What you need to do:
Apart from the images, reproduce all of the data word for word.

Supplied material:
···

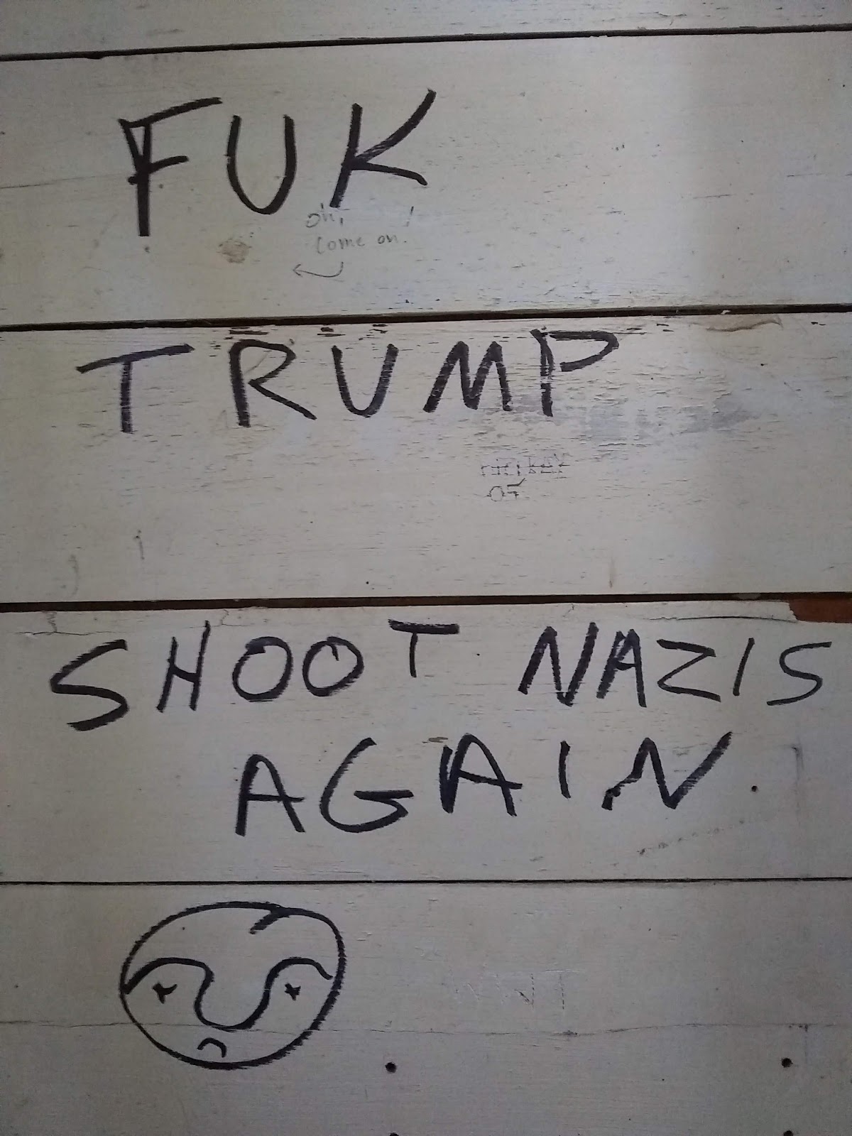 | Graffiti on the inside of the privy at Poet Creek. |
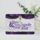 Eles viveram felizes para sempre e obrigado a tipografia com chapéu e véu. Dourado treinador com aparência de veludo ultra violeta, cortado com uma corrente de enlace dourado, sotaque decorativo de ouro branco e opções de cor de fundo damascos brancos. Arte em camadas também pode ser reposicionada se quiser. O filtro editável aplicado à carruagem de ouro e ao caimento confere-lhe um efeito mais leve de ouro branco.
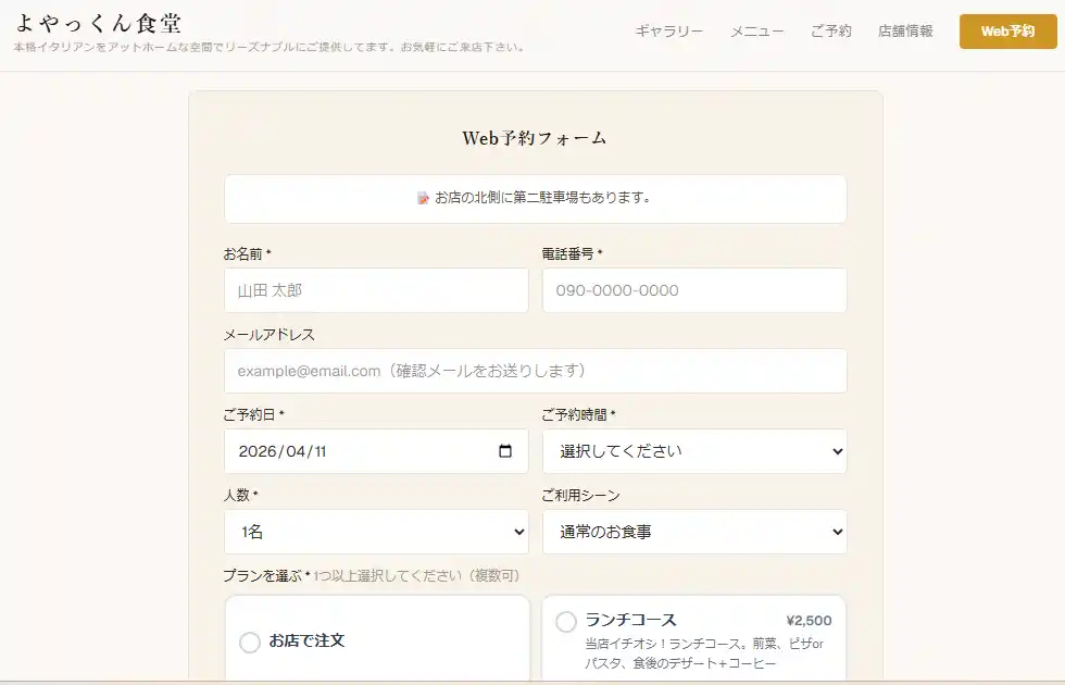 ・Web予約フォーム:24時間ネット予約受付。コース・人数・備考も一括管理 |

···

Exercise output:
 | Graffiti on the inside of the privy at Poet Creek. |
 Eles viveram felizes para sempre e obrigado a tipografia com chapéu e véu. Dourado treinador com aparência de veludo ultra violeta, cortado com uma corrente de enlace dourado, sotaque decorativo de ouro branco e opções de cor de fundo damascos brancos. Arte em camadas também pode ser reposicionada se quiser. O filtro editável aplicado à carruagem de ouro e ao caimento confere-lhe um efeito mais leve de ouro branco.
 ・Web予約フォーム:24時間ネット予約受付。コース・人数・備考も一括管理 |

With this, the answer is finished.